Channel Islands at sunset
Channel Islands National Park and Marine Sanctuary is comprised of five Channel Islands along the Santa Barbara Channel and their ocean environment. From north to south, the islands are San Miguel, Santa Rosa, Santa Cruz, Anacapa, and Santa Barbara. Close to the California mainland and only a short trip away from Los Angeles, the park’s five islands provide a delightful break from the hustle and bustle of urban life.
The Channel Islands are home to over 2,000 plant and animal species of which 150 are found nowhere else in the world, earning these islands their nickname as North America’s Galapagos. Santa Barbara Channel is home to over 30 marine mammal species including whales, dolphins, and elephant seals, as well as marine life ranging from sea stars and anemones to blue whales, the largest animals in the world.
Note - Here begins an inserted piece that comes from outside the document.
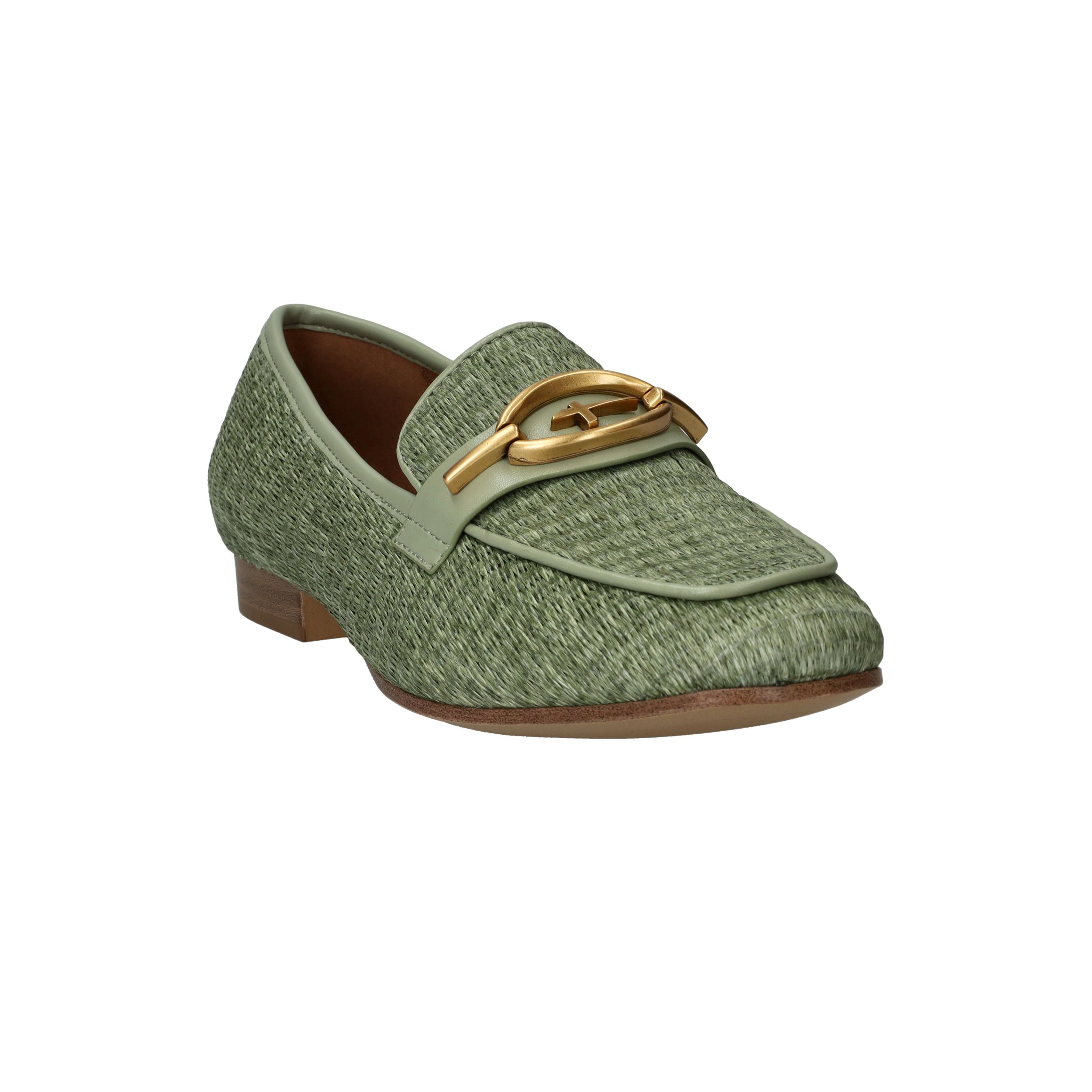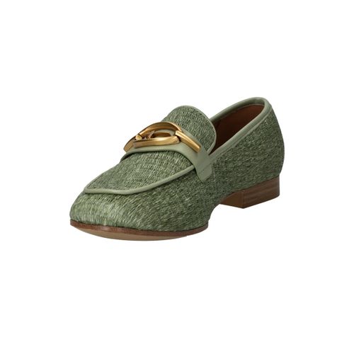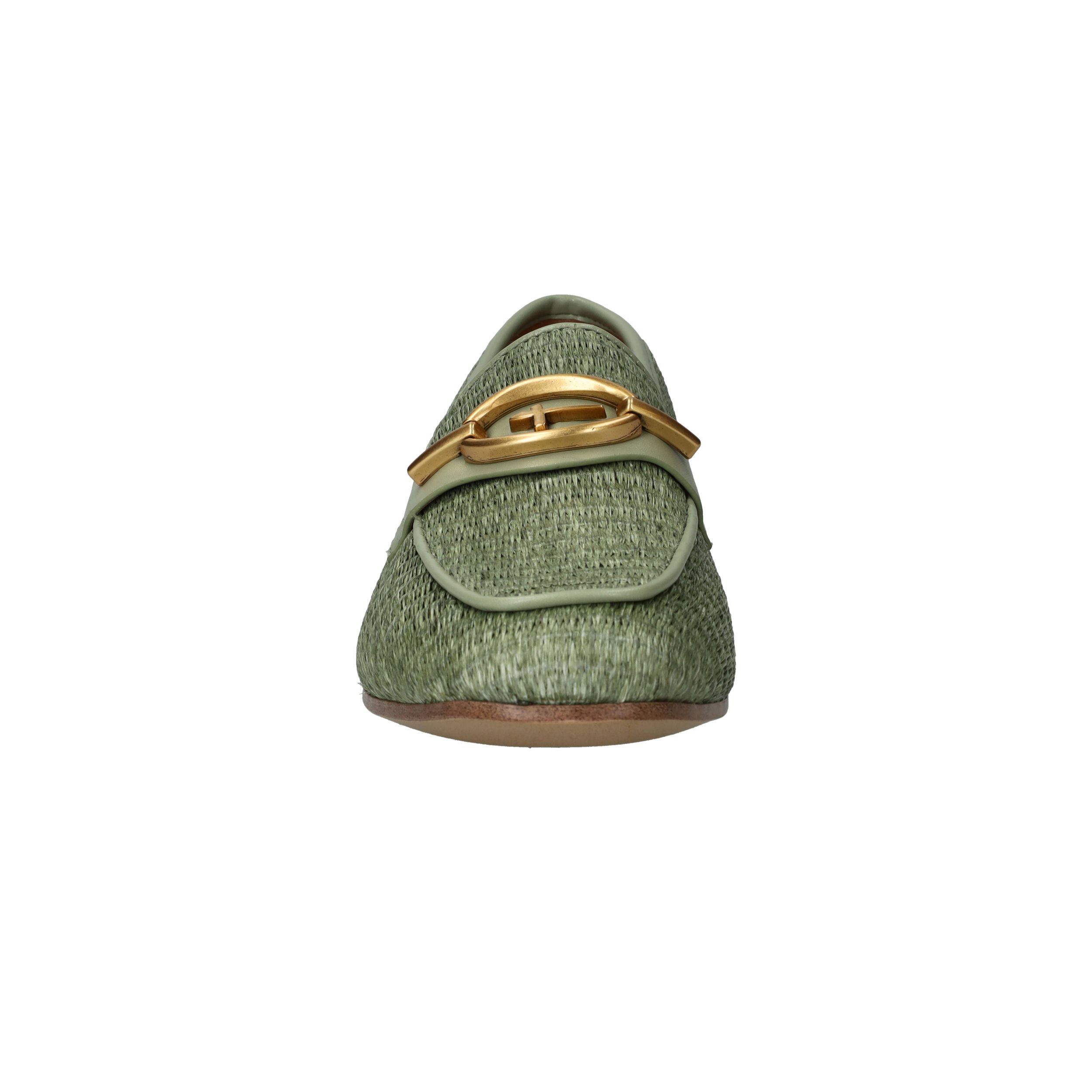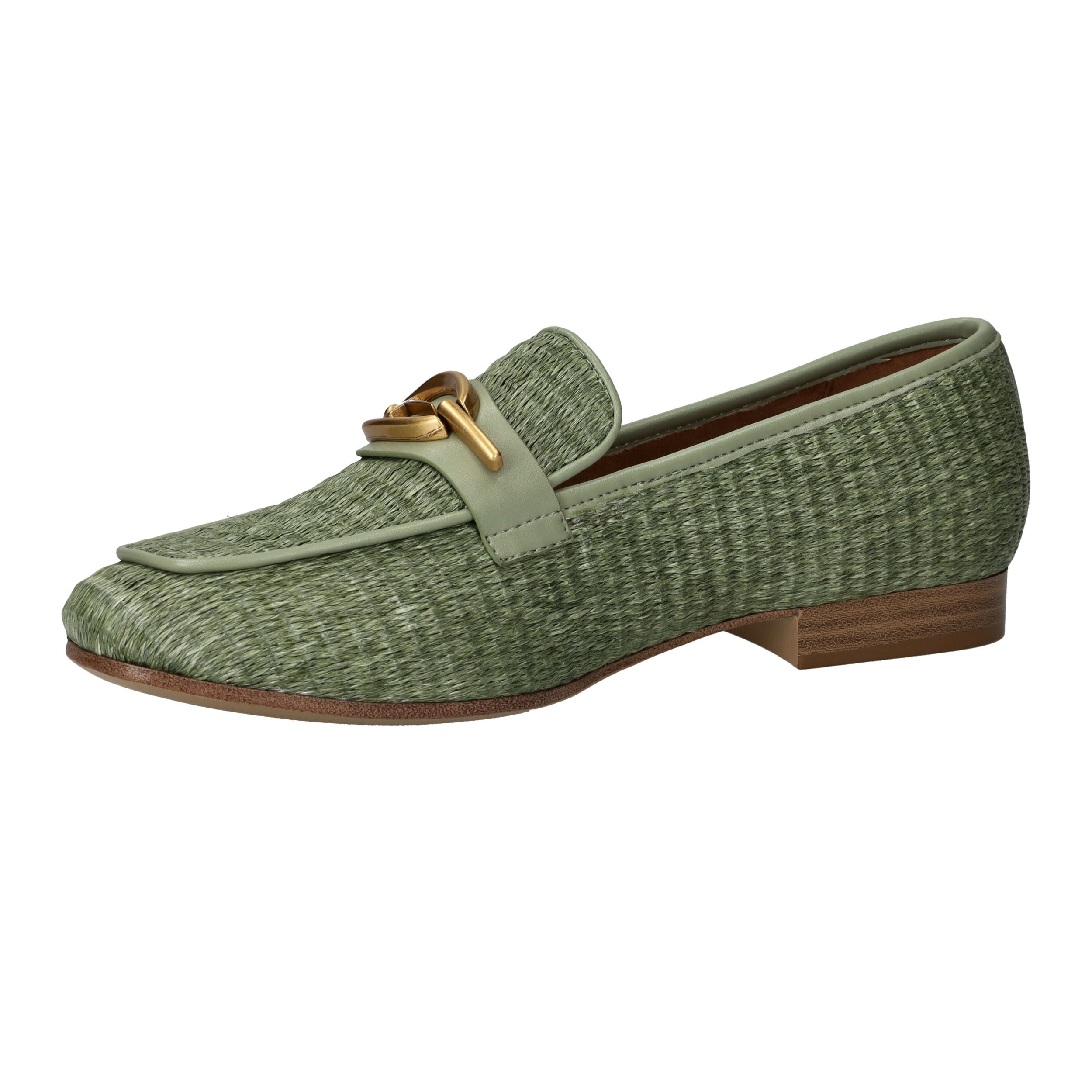 Stijlvolle groene Tamaris loafer met een unieke gevlochten structuur.

The Channel Islands are also the site of the oldest known human remains in North America, and provide the opportunity to experience coastal southern California as it once was. Archeologists have discovered that dwarf wooly mammoths thrived on the island until the last Ice Age ended 11,000 years ago. The islands are also known for being settled by maritime Paleo Indian peoples at least 13,000 years ago. Many archeological sites on the island serve as an invaluable record of those times. Archeologists have discovered approximately 148 historic village sites, including 11 on Santa Cruz Island, eight on Santa Rosa Island, and two on San Miguel Island.